- What is being asked
The answer should contain only the lines from the beginning of the entries through the line that holds "綾瀬市の小園公園で地域の人たちが植えたおよそ20本の河津桜が見ごろを迎えている。", given again exactly, with no pictures.

- Recorded information
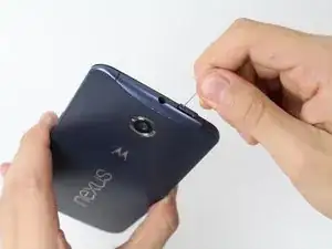 С помощью инструмента для извлечения SIM-карты (подойдет также скрепка) нажмите на отверстие в верхней части телефона, пока держатель SIM-карты не освободится. Это не должно требовать значительного усилия.
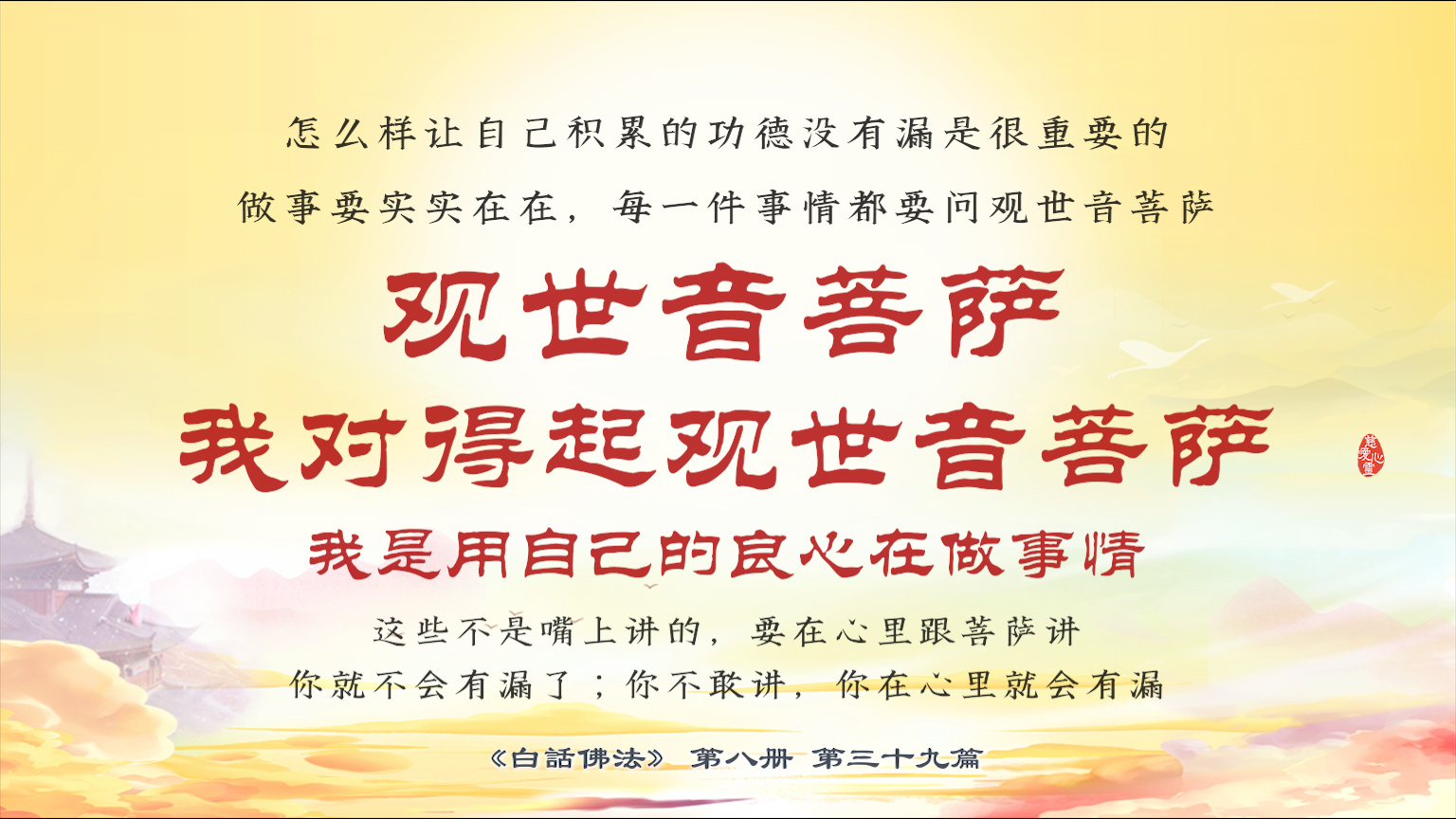 不限会员 8-39-18让自己积累的功德没有漏是很重要的...每一件事情都要问观世音菩萨:“我对得起观世音菩萨,我是用自己的良心在做事情。”要在心里跟菩萨讲,你就不会有漏了;【图】
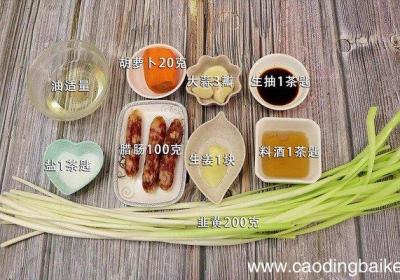 发布时间: 12小时前步骤1准备食材:韭黄200克、腊肠100克、油适量、盐1茶匙、胡萝卜20克、生姜1块、大蒜3瓣、料酒1茶匙、生抽1茶匙 。步骤2韭黄洗净切段 。步骤3腊肠切斜片 。步骤4胡萝卜切片 。步骤5生姜切片 。步骤6大蒜切片 。【韭黄炒腊肠的做法...
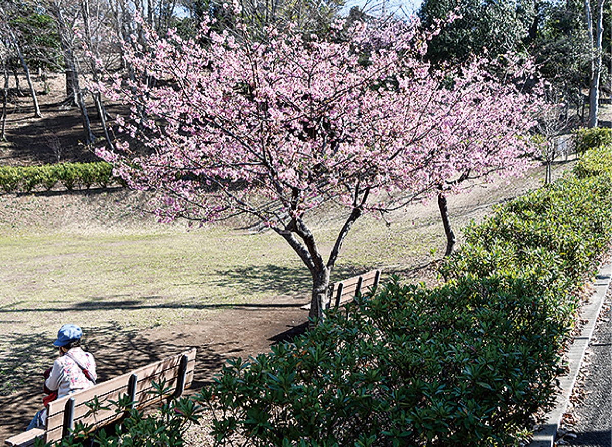綾瀬市の小園公園で地域の人たちが植えたおよそ20本の河津桜が見ごろを迎えている。
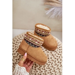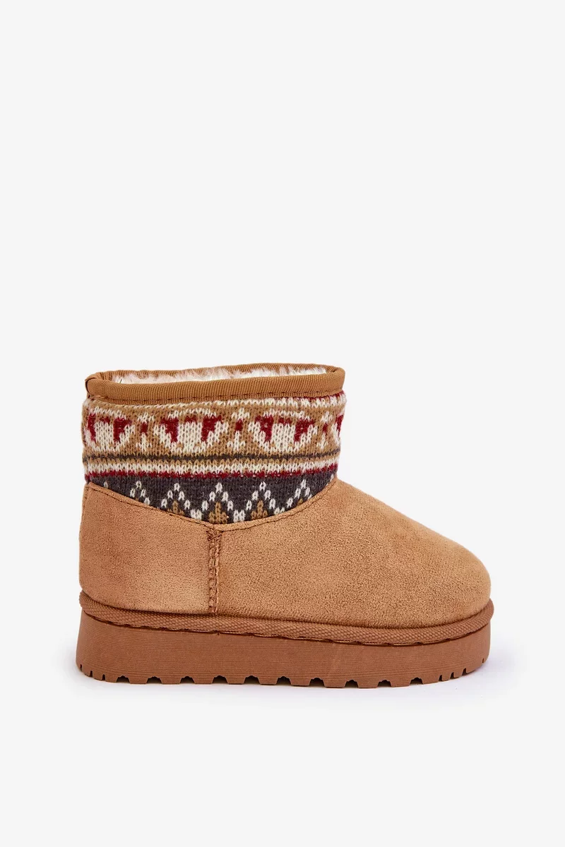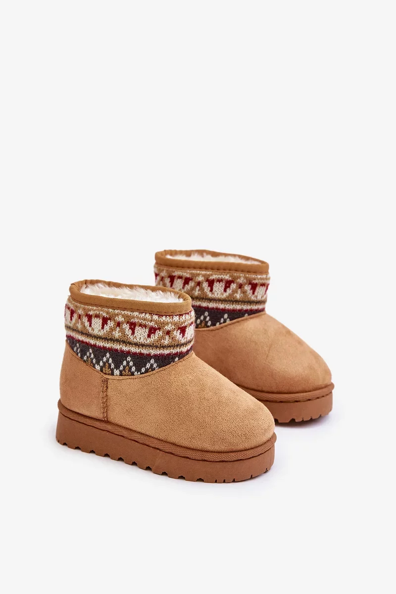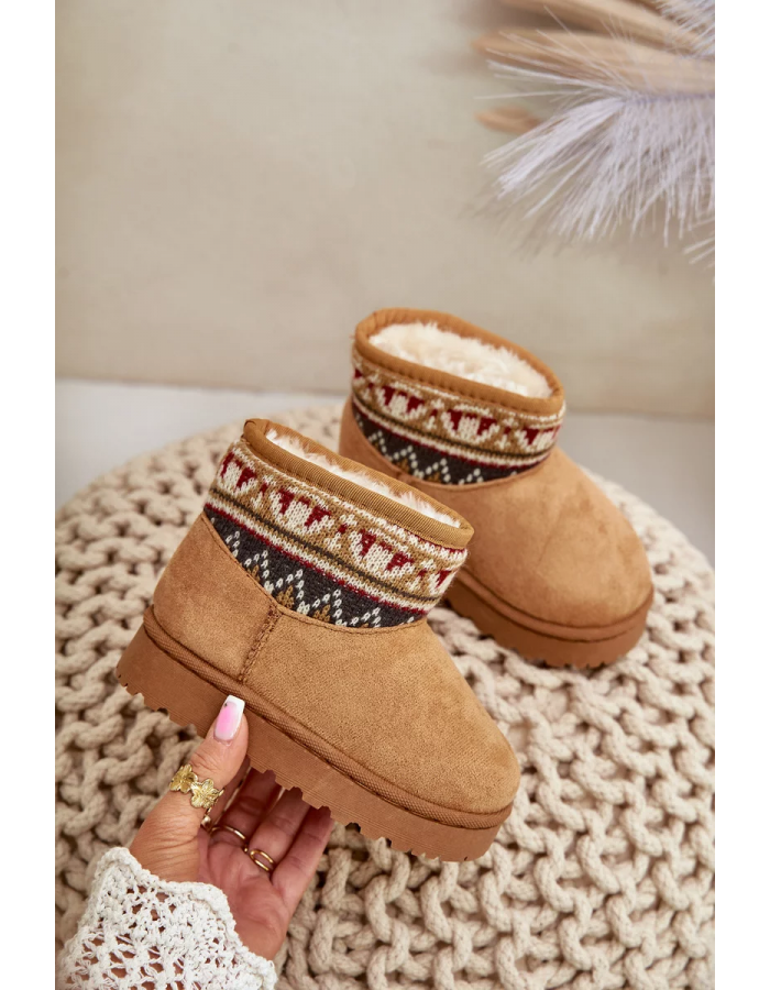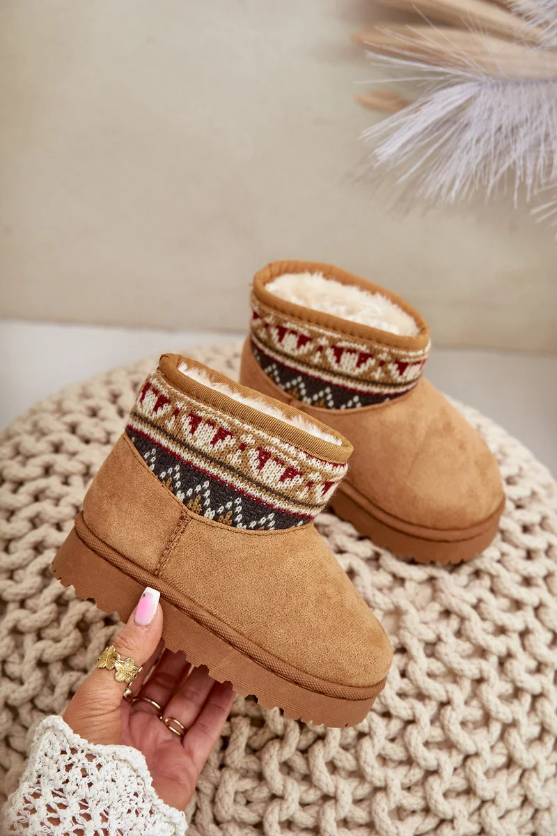 Dětské sněhule vyrobené z eko semiše jsou ideální volbou na zimní dny. Zateplené měkkým kožíškem, zajišťují teplo a pohodlí při nošení. Svršek zdobený vzorovanou vsadkou jim dodává módní charakter. Nazouvací střih usnadňuje rychlé obouvání, což z nich činí praktickou a stylovou obuv na chladné dny.
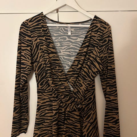 Selger pent brukt dyremønstret lett ermeløs bluse med lang bak fra Rut m.fl. for 50 kr.

- Reply to the task
 С помощью инструмента для извлечения SIM-карты (подойдет также скрепка) нажмите на отверстие в верхней части телефона, пока держатель SIM-карты не освободится. Это не должно требовать значительного усилия.
 不限会员 8-39-18让自己积累的功德没有漏是很重要的...每一件事情都要问观世音菩萨:“我对得起观世音菩萨,我是用自己的良心在做事情。”要在心里跟菩萨讲,你就不会有漏了;【图】
 发布时间: 12小时前步骤1准备食材:韭黄200克、腊肠100克、油适量、盐1茶匙、胡萝卜20克、生姜1块、大蒜3瓣、料酒1茶匙、生抽1茶匙 。步骤2韭黄洗净切段 。步骤3腊肠切斜片 。步骤4胡萝卜切片 。步骤5生姜切片 。步骤6大蒜切片 。【韭黄炒腊肠的做法...
綾瀬市の小園公園で地域の人たちが植えたおよそ20本の河津桜が見ごろを迎えている。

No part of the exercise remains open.